It all came down to a few things, that made the systems different in a way that the students and I had different perspectives: In the US we get 40 minutes or so for lunch time, and in France, it's at least an hour and a half! I asked the students, which would you prefer, a shorter lunch break so you can go home sooner, or a longer one that makes you stay at school until later? They all agreed they would rather have a longer day at school than give up that precious hour and a half they have with their friends.

Next were the foreign languages. Most of them took at least two languages, sometimes three. All of them had started learning a foreign language at the age of 11, if not sooner. When I told them that some of my friends didn't even take a foreign language in school because it wasn't required, their eyes popped, and their mouths opened wide. They couldn't believe it. American students don't learn languages until high school, and even then, only one? How could that be? I think we all agreed that it was fun to learn languages....well, most of us did.

Finally, and interestingly enough, the students had all of their classes with the same group of kids. I guess that's similar to what we had in middle school, but I can't imagine how different it must be to spend your entire day with the same 25 odd students, all year long. I asked one girl how she felt about this, and her response was, "I like it. We feel more unified, as a group." Fair enough.

I guess there are some things that I may never understand, but I can definitely appreciate. One thing is for certain: these kids could be in any high school in the US, with their sense of humor and comic timing. I laughed so hard while my students were role playing a fight between Sarkozy and Obama, as Mickey Mouse tried to intervene to calm them all down. Some days are just crazy like that, where you couldn't get them to stop speaking English if you tried. I just go with the flow.

Wednesday, February 24, 2010

on foot


As I have said way too many times, there are too many things to do on this island. If you are an adventurer and somewhat creative, you find that there is just not enough time in the week to do everything you want to do. Worse, if you become passionate about one hobby (such as surfing, or salsa, for example), you find yourself realizing you can do that ALL the time. This can definitely be said for any person that has access to a vehicle, sturdy shoes, and a will to walk.

A few friends of mine have almost what we could call an obsession with exercise. Every minute it seems like they are either swimming, running, biking, and of course hiking. I only went with them once, but they take their sports seriously, including hiking. As they hiked up and down each hill, I panted behind with the others, wondering when the uphill bits would end, as we sweated out of every pore. They're the kind of hikers who always want more. The cool part is, there are so many "randonees" on this island, even if they were able to finish them all, by the time they got back to doing round two, everything would have changed. There are so many that when you look at the books of hikes on the island, you can't decide which one to do first.

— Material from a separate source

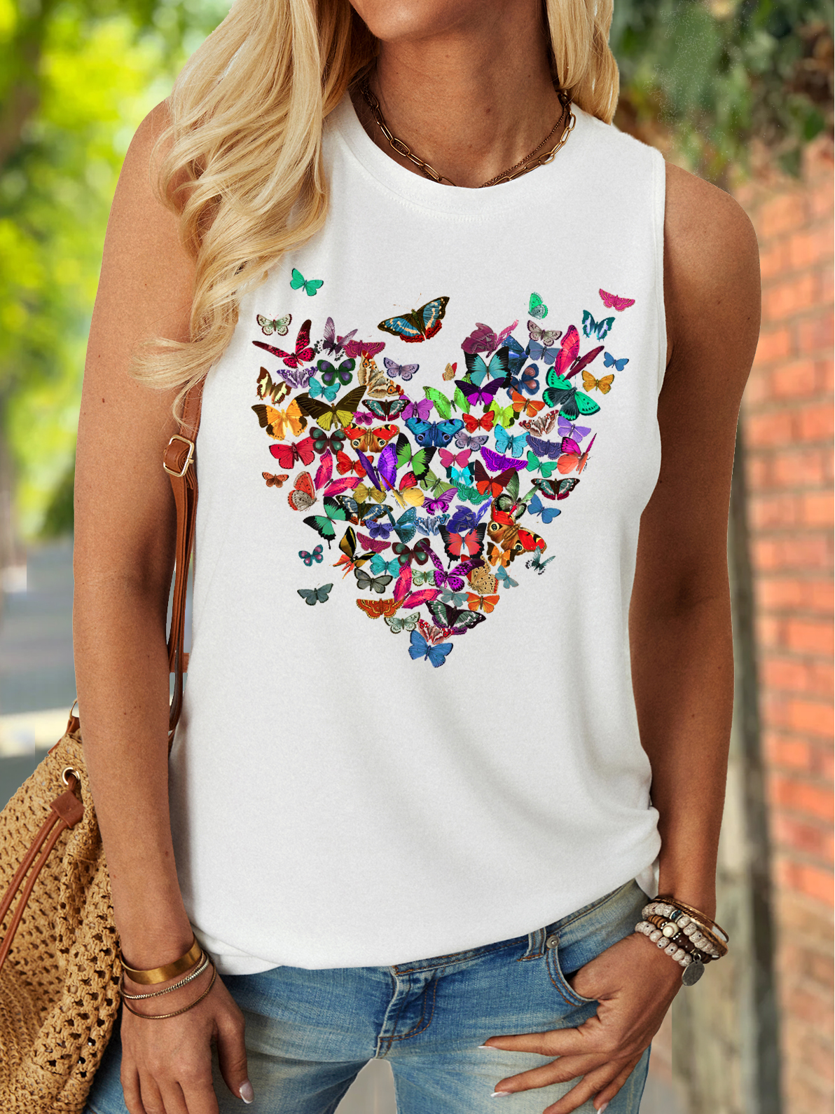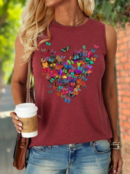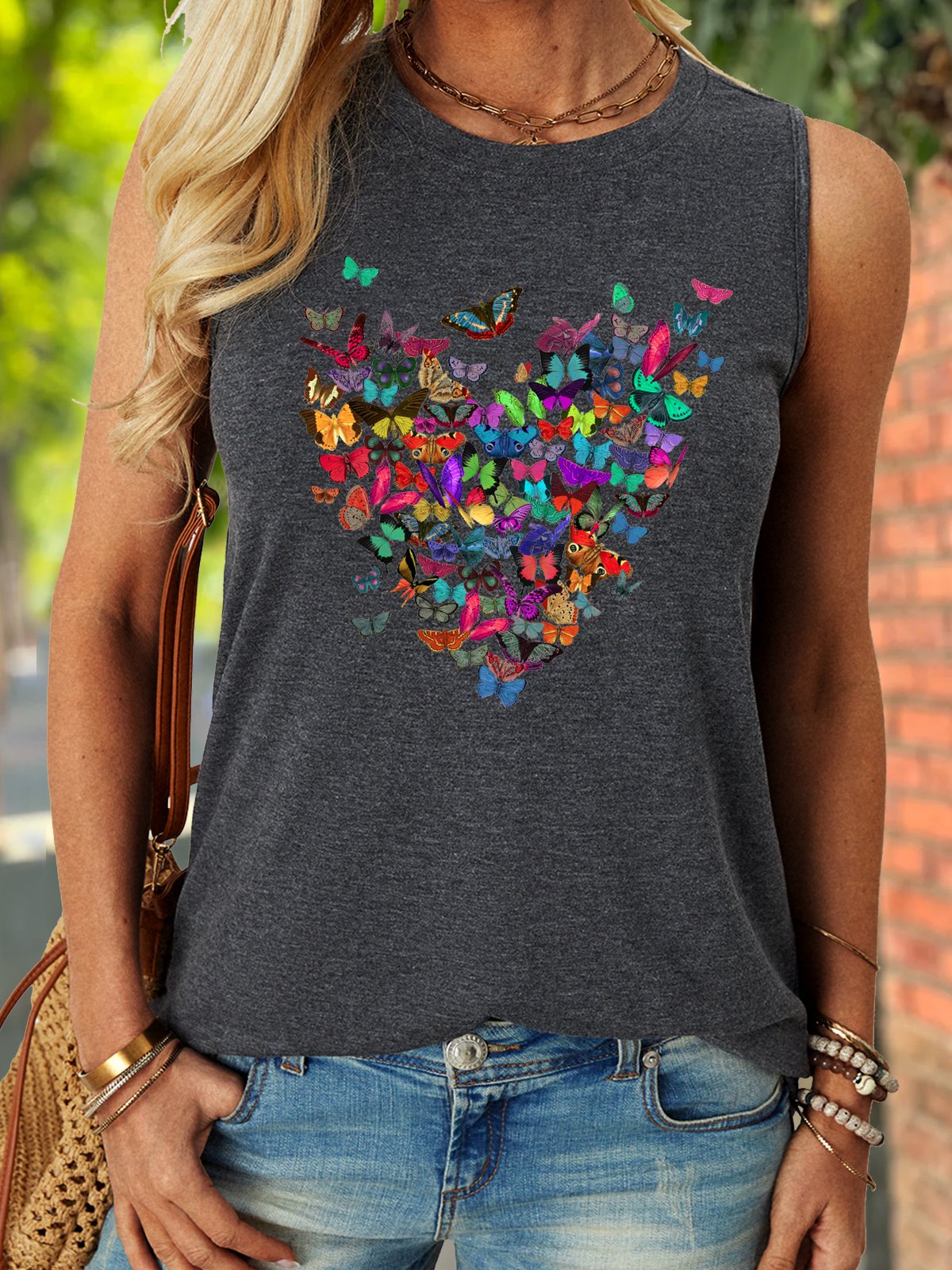 Women's Heart Butterfly Print Letters Crew Neck Casual Tank Top

There seems to be many challenges in hiking during the summer season however. In mid February you risk bad weather. Not only might it be sweltering hot, but the sun could burn you to a crisp. Worse, and more usual is when you hike in the mountains if you don't wake up and go before 6 AM you're more likely to miss out on the spectacular views and end up with your heads up in the clouds....that is in the literal sense of course, with fog hiding everything from sight by 9 in the morning. More than likely, also it seems, is that you end up with rain, especially when you're away from the dry West coast. While it may be sunny one second, the next it will be pouring down, and you end up walking in the mushy mud, trying not to have an embarrassing slip while someone is looking.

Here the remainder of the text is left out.